Diocese of Knoxville responds to Ukraine war effort

Parishioners step up with generous donations to diocesan second collections

By Jim Wogan

Through a special collection that could be classified as historic for the Diocese of Knoxville, Bishop Richard F. Stika and Father David Boettner, rector of the Cathedral of the Most Sacred Heart of Jesus, have separately wired more than $343,000 to agencies assisting victims of the devastating war in Ukraine.

Funds raised by the cathedral parish have directly benefited war refugees fleeing to Poland and purchased two ambulances used to transport civilian and military casualties. Funds raised by other parishes in the diocese have been sent to the relief effort spearheaded by the U.S. Conference of Catholic Bishops’ Subcommittee on the Church in Central and Eastern Europe.

“The generosity of our parishioners has been overwhelming during this collection, and our people continue to reflect the teachings of Jesus. I am very, very grateful,” Bishop Stika said. “Our parishes always respond with compassion and charity when urgent needs arise, especially ones that come as the result of natural or manmade disasters. This effort seems to have surpassed all others.”

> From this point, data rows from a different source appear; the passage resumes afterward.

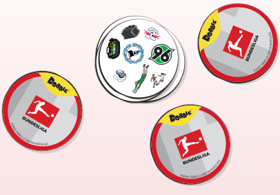
So fangt ihr an: (Beispiel für eine Partie zu dritt)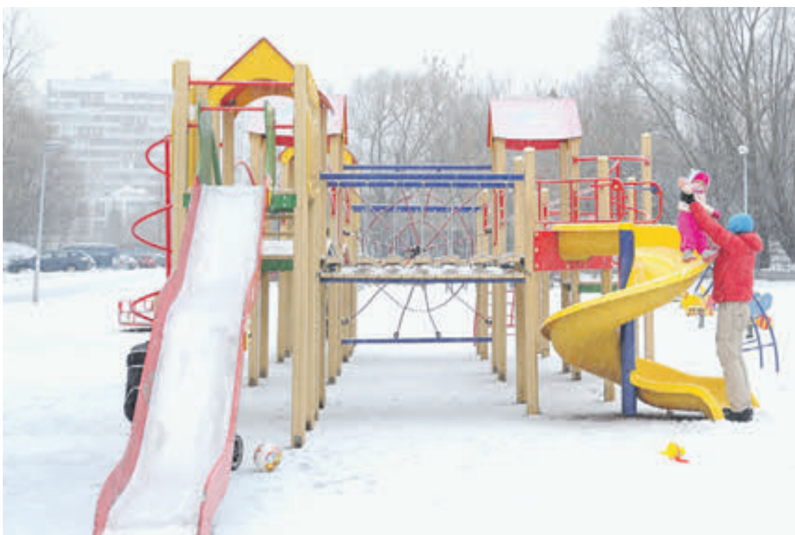
26 ноября 2016 года. Площадка возле дома 12, корп. 1–3 по улице Кошкина (1) — одна из многих, благоустроенных на средства от платных парковок. Аня Чаркина довольна новой детской площадкой (2)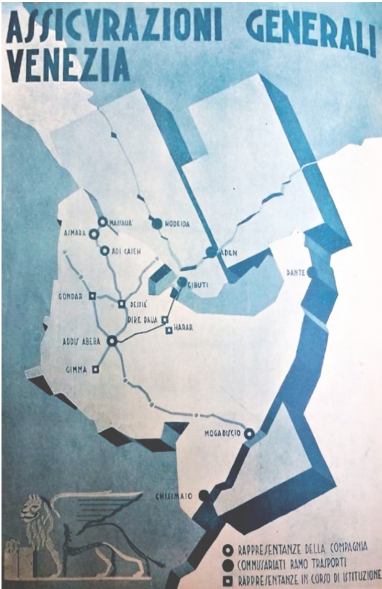
Figura 8 L'inserzione pubblicitaria delle Assicurazioni Generali Venezia, 1936. Venezia. OND, ICF (a cura di), Giornata coloniale della Sezione veneziana dell'Istituto coloniale fascista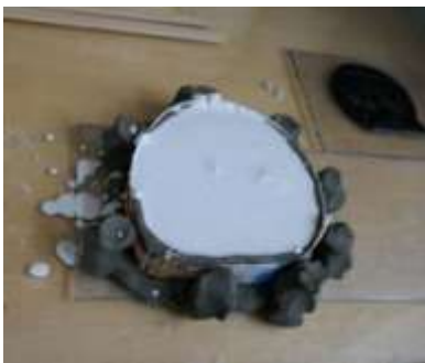
Verŝi la gipsajn supraĵojn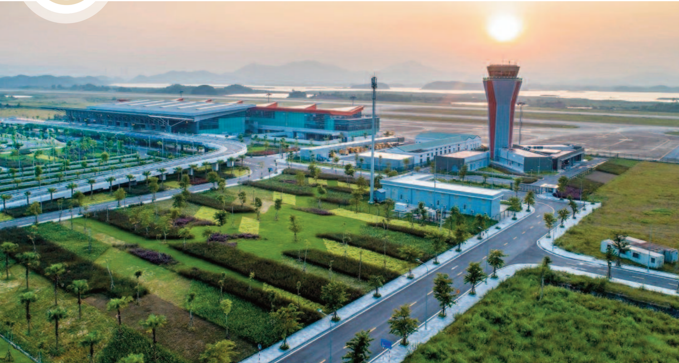
Cảng hàng không quốc tế Vân Đồn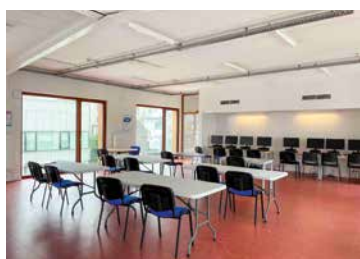
↑ De Scholatek

Ook hier zijn grote investeringen gedaan bij het OCMW, bij de Iris-Zuid ziekenhuizen en bij de politiezone. Die concretiseren onze engagementen op de gevoeligste gebieden. Er is grondig gewerkt om de studenten uit Sint-Gillis te ondersteunen door hen financieel te begeleiden (via het OCMW) en ook door in het ECAM te starten met Scholatek, zodat ze in de best mogelijke omstandigheden kunnen studeren.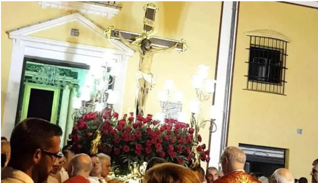
Iglesia ana iglesia

War broke out on Feb. 24 when the Russian military apparatus rolled into Ukraine, the latest in a series of unilateral actions dating back to 2014, when Russia invaded Crimea. In the early stages of this war, millions of Ukrainians, mostly women, children, and the elderly, fled their homes seeking safety in other countries, with most of them going to neighboring Poland, a nation that has courageously welcomed more than 4 million refugees.

As a result, the pilgrim house at the St. John Paul II Shrine in Kraków, Poland, originally built to accommodate around 20 guests, was quickly converted into a refugee shelter, and took in hundreds of people. Father Tomasz Szopa is the director of the St. John Paul II Shrine and is also a friend of Father Martin Gladysz, associate pastor of the Cathedral of the Most Sacred Heart of Jesus in Knoxville.

“As soon as the war began, Father Martin and I were in the rectory talking about what could we do, and so I requested from Bishop Stika permission to do a second collection on Ash Wednesday for Ukrainian refugee relief,” Father Boettner said.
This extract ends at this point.